Sometimes, when constructing response surfaces, modal variables appear. Modal variables are variables that have multiple modes, or distinct sets of values. There are two variations of modal variables:

* One uncertainty range
* N uncertainty range

### One Uncertainty Range

These types of modal variables have a single range of uncertainty assigned to them, but the values within that range of uncertainty are discrete. In order to sample the parameter within the range of uncertainty, the parameter must be sampled at distinct, discrete values.

For example, if I am using the discrete ordinates model (DOM) for radiation calculations, the DOM requires a number of ordinate directions. This is a discrete value with distinct sets of values - e.g. 3, 6, 8, 24, etc.

Each discrete value in this case composes a single range of uncertainty. Using the DOM example, that range of uncertainty would be $[3, 24]$.

### N Uncertainty Ranges

The other type of modal variables have several ranges of uncertainty assigned to them, with no restriction on values within that range of uncertainty being discrete or distinct.
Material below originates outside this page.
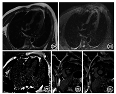 患者男性,31岁,菜贩。发热10 d伴关节痛3 d于2018年10月16日入院。入院前10 d受凉后出现发热、咽痛,入院前3 d出现左踝关节痛,随之双侧肩和肘关节疼痛,无呼吸困难和双下肢水肿,自测体温波动在38.5~39.2 ℃,以"发热待查"收入院。既往体健,12年前因外伤行脾脏切除术。家族史无特殊。体检:体温38.5 ℃,脉搏99次/min,呼吸20次/min,血压130/70 mmHg(1 mmHg=0.133 kPa)。无皮下结节,环形红斑,扁桃体Ⅱ度肿大,心肺查体无阳性体征,左踝关节红肿伴皮温升高。入院实验室检查:白细胞总数、红细胞沉降率(ESR)、C反应蛋白、抗链球菌溶血素均明显升高(表1),咽拭子未分离到A组β溶血性链球菌,尿常规、大便常规、肝肾功能、电解质、氨基末端B型利钠肽前体(NT-ProBNP)、心肌标志物、降钙素原、补体、免疫球蛋白、血培养等指标均正常。X线胸片和心脏彩色超声显示未见明显异常。心电图为窦性心律,Ⅰ度房室传导阻滞(atrioventricular block,AVB)。入院第5天心电图为窦性心律,完全性房室传导阻滞(complete atrioventricular block,CAVB)伴交界区逸搏,心率波动在33~45次/min(图1),无黑矇、晕厥。考虑发病前有受凉咽痛症状,满足急性风湿热(acute rheumatic fever,ARF)修订版琼斯标准中的1个主要标准和4个次要标准,临床诊断ARF,给予阿司匹林肠溶片(1.5 g,6 h 1次)、青霉素(320万单位,8 h 1次)、甲泼尼龙琥珀酸钠(120 mg,1次/d,3 d)治疗,糖皮质激素治疗后第2天,完善心脏磁共振检查(cardiac magnetic resonance,CMR)未见异常(图2)。积极抗风湿治疗后发热、关节痛明显改善,体温、血常规、C反应蛋白、ESR、抗链球菌溶血素指标逐渐恢复正常(表1),心脏节律由CAVB逐渐改善为Ⅱ度AVB、Ⅰ度AVB,最终恢复正常,出院后建议给予风湿热二级预防,每月肌肉注射长效青霉素持续5年。

Essentially this can be thought of as a bimodal uncertainty distribution, where the two modes are distinct. Each mode can be sampled as usual, the only sticking point is that there is more than 1, and that they are distinct.

The case of mixing in a chemically reacting system provides an example of how to think about this. Suppose we are investigating two mass flowrates of material into a reactor where there is mixing occurring - mass flowrates of 1 kg/s and 2 kg/s. 

Each mode also has a range of uncertainty. This can be an absolute range (as in, $\pm 0.1$ kg/s) or a relative range (as in, $\pm 5 \%$).

### How To Deal

Multimodal variables can be dealt with in two ways:

**Method 1: Separate Response Surfaces for Each Mode**

The first way is to create a separate response surface for each distinct mode. This method works for both types of modal variables (1 uncertainty range represented by N distinct values, and N uncertainty ranges). This method is illustrated in the figures below. Each distinct mode (gray region) has its own computed response surface (blue dotted line), distinct from the response surface of the other modes.

Of course, if the variable type is 1 uncertainty range represented by N distinct values, then there is no uncertainty range for each mode, and each gray region is, in fact, a delta function. As mentioned above, this means that the input variable is eliminated as a response surface parameter.

If the variable type is N uncertainty ranges, then each uncertainty range is sampled as usual, and each response surface is constructed as usual. 

**Method 2: Single Response Surface (Ignore Modes)**

A second way is to create a single response surface. This is typically only possible with N uncertainty ranges type of problems, because the parameter value is continuous, but it is only certain regions that are of interest. This approach is illustrated below.

Essentially, this approach does away with any special treatment of modes.